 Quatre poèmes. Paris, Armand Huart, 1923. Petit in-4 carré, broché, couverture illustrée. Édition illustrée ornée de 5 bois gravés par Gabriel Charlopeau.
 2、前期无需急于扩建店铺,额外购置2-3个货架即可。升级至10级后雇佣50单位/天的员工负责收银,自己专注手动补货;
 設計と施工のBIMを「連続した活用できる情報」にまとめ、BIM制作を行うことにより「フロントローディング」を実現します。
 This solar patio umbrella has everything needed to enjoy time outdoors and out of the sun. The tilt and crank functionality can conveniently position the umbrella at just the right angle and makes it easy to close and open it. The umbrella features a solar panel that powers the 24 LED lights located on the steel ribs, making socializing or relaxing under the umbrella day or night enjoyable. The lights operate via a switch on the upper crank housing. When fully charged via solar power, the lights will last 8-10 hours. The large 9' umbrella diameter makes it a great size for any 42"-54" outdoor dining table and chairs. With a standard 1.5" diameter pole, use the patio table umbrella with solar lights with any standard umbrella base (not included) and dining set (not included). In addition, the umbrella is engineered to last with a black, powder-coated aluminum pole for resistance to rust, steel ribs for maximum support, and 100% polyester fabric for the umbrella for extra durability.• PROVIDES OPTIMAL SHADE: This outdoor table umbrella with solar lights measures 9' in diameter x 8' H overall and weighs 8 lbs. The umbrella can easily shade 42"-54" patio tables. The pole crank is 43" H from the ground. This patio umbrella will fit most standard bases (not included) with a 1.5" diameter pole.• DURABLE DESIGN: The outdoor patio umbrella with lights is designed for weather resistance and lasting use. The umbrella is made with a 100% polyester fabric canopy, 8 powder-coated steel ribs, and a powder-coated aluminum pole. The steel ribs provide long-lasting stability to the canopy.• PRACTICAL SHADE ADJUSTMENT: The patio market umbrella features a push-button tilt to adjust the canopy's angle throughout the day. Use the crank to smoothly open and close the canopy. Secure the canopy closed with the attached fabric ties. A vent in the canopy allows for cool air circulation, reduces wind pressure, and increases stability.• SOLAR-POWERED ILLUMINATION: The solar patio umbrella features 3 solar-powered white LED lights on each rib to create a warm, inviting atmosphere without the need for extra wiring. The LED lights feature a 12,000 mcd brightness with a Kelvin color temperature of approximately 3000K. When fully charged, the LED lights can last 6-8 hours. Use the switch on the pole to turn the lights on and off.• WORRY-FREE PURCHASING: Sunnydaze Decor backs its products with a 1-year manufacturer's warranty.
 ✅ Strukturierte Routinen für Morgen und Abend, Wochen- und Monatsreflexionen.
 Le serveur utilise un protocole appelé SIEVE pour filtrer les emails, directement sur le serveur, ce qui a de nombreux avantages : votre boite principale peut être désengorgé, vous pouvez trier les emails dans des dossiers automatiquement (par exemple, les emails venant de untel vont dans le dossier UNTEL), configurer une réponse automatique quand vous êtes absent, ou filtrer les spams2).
####################
→ What needs to be done
The response should consist of the entries, retyped exactly and in full.

→ Reply
 Quatre poèmes. Paris, Armand Huart, 1923. Petit in-4 carré, broché, couverture illustrée. Édition illustrée ornée de 5 bois gravés par Gabriel Charlopeau.
 2、前期无需急于扩建店铺,额外购置2-3个货架即可。升级至10级后雇佣50单位/天的员工负责收银,自己专注手动补货;
 設計と施工のBIMを「連続した活用できる情報」にまとめ、BIM制作を行うことにより「フロントローディング」を実現します。
 This solar patio umbrella has everything needed to enjoy time outdoors and out of the sun. The tilt and crank functionality can conveniently position the umbrella at just the right angle and makes it easy to close and open it. The umbrella features a solar panel that powers the 24 LED lights located on the steel ribs, making socializing or relaxing under the umbrella day or night enjoyable. The lights operate via a switch on the upper crank housing. When fully charged via solar power, the lights will last 8-10 hours. The large 9' umbrella diameter makes it a great size for any 42"-54" outdoor dining table and chairs. With a standard 1.5" diameter pole, use the patio table umbrella with solar lights with any standard umbrella base (not included) and dining set (not included). In addition, the umbrella is engineered to last with a black, powder-coated aluminum pole for resistance to rust, steel ribs for maximum support, and 100% polyester fabric for the umbrella for extra durability.• PROVIDES OPTIMAL SHADE: This outdoor table umbrella with solar lights measures 9' in diameter x 8' H overall and weighs 8 lbs. The umbrella can easily shade 42"-54" patio tables. The pole crank is 43" H from the ground. This patio umbrella will fit most standard bases (not included) with a 1.5" diameter pole.• DURABLE DESIGN: The outdoor patio umbrella with lights is designed for weather resistance and lasting use. The umbrella is made with a 100% polyester fabric canopy, 8 powder-coated steel ribs, and a powder-coated aluminum pole. The steel ribs provide long-lasting stability to the canopy.• PRACTICAL SHADE ADJUSTMENT: The patio market umbrella features a push-button tilt to adjust the canopy's angle throughout the day. Use the crank to smoothly open and close the canopy. Secure the canopy closed with the attached fabric ties. A vent in the canopy allows for cool air circulation, reduces wind pressure, and increases stability.• SOLAR-POWERED ILLUMINATION: The solar patio umbrella features 3 solar-powered white LED lights on each rib to create a warm, inviting atmosphere without the need for extra wiring. The LED lights feature a 12,000 mcd brightness with a Kelvin color temperature of approximately 3000K. When fully charged, the LED lights can last 6-8 hours. Use the switch on the pole to turn the lights on and off.• WORRY-FREE PURCHASING: Sunnydaze Decor backs its products with a 1-year manufacturer's warranty.
 ✅ Strukturierte Routinen für Morgen und Abend, Wochen- und Monatsreflexionen.
 Le serveur utilise un protocole appelé SIEVE pour filtrer les emails, directement sur le serveur, ce qui a de nombreux avantages : votre boite principale peut être désengorgé, vous pouvez trier les emails dans des dossiers automatiquement (par exemple, les emails venant de untel vont dans le dossier UNTEL), configurer une réponse automatique quand vous êtes absent, ou filtrer les spams2).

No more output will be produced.